Bernoulli Distribution

Definition

Core Statement

The Bernoulli Distribution is the simplest discrete probability distribution. It models a single trial with exactly two possible outcomes: Success ( $k = 1$ ) with probability $p$ , and Failure ( $k = 0$ ) with probability $q = 1 - p$ .

P (X = k) = p^{k} (1 - p)^{1 - k} for k \in {0, 1}

Purpose

Building Block: It is the fundamental atom of probability.
- $n$ Bernoulli trials $\to$ Binomial Distribution.
- Trials until success $\to$ Geometric Distribution.
Binary Classification: Modeling Yes/No outcomes (Logistic Regression).

Key Moments

Statistic	Formula	Intuition
Mean ( $E [X]$ )	$p$	If $p = 0.8$ , average outcome represents 80% success.
Variance ( $σ^{2}$ )	$p (1 - p)$	Max variance at $p = 0.5$ (Most uncertainty).
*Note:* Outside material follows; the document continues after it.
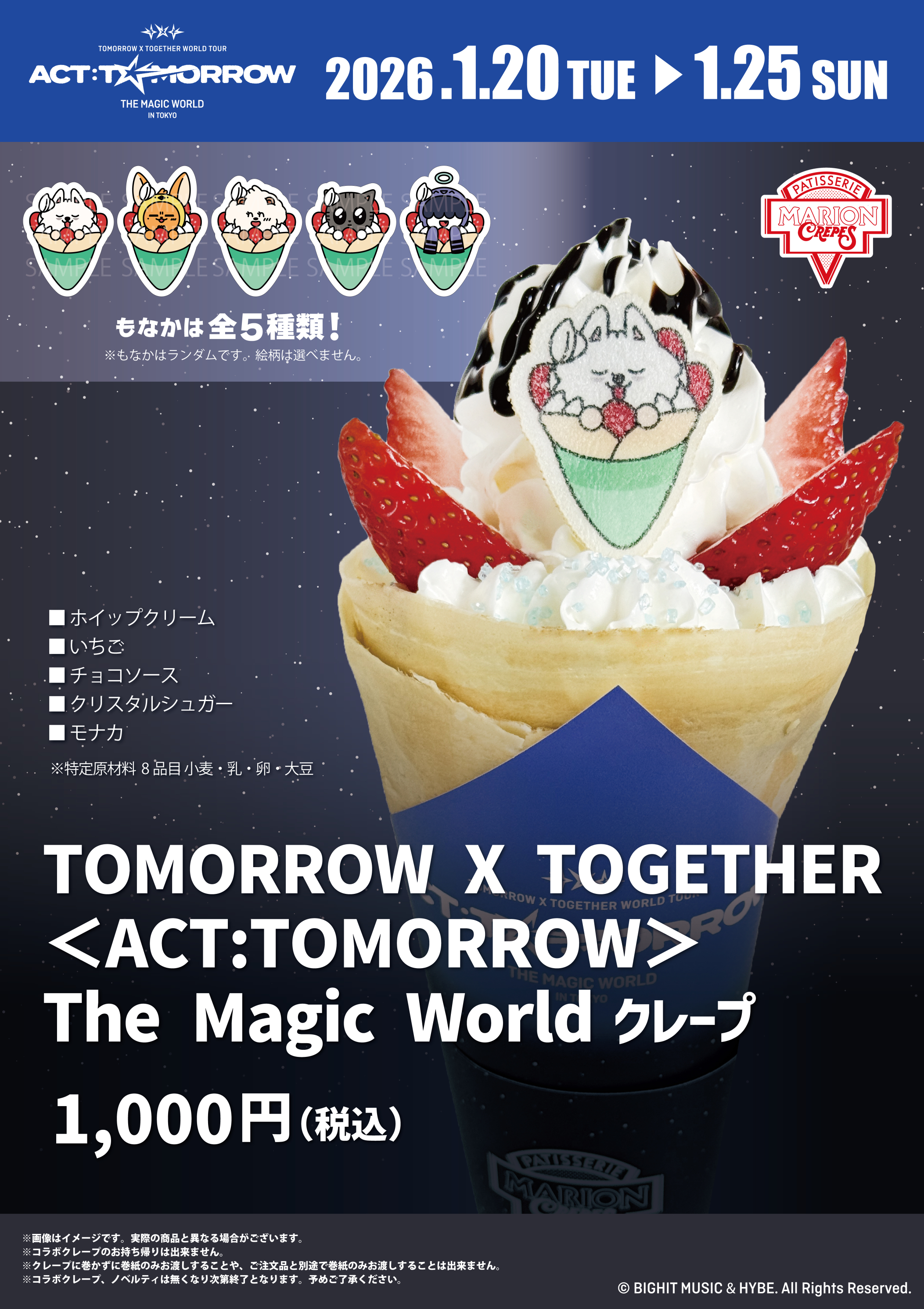 TOMORROW X TOGETHERワールドツアーの日本公演『TOMORROW X TOGETHER WORLD TOUR <ACT:TOMORROW> IN JAPAN』にあわせて展開される、コンサート連動型プロジェクト「TOMORROW X TOGETHER <ACT:TOMORROW> The Magic World in TOKYO」 の一環として、東京ドームシティ Hi! EVERYVALLEY店にてオリジナルクレープを販売いたします。

Min variance at $p = 0$ or $p = 1$ (Certainty).

Worked Example: Weighted Coin

Problem

A weighted coin lands Heads (1) 70% of the time ( $p = 0.7$ ).

1. Probability of Heads: $0.7$ .
2. Variance:

σ^{2} = 0.7 \times (1 - 0.7) = 0.7 \times 0.3 = 0.21

Contrast: If fair coin ( $p = 0.5$ ): $σ^{2} = 0.5 \times 0.5 = 0.25$ . (Fair coin is more unpredictable).

Assumptions

Binary Outcome: Exactly 0 or 1. No "Edge" or "Maybe".
Single Trial: Only happens once.

Python Implementation

from scipy.stats import bernoulli
import matplotlib.pyplot as plt

p = 0.3
rv = bernoulli(p)

# Moments
mean, var = rv.stats(moments='mv')
print(f"Mean: {mean}, Variance: {var}")

# PMF
print(f"Prob of Success: {rv.pmf(1)}")
print(f"Prob of Failure: {rv.pmf(0)}")

Binomial Distribution - Sum of $n$ Bernoullis.
Logistic Regression - Modeling outcomes using Bernoulli likelihood.
Categorical Distribution - Generalization to >2 outcomes (Dice role).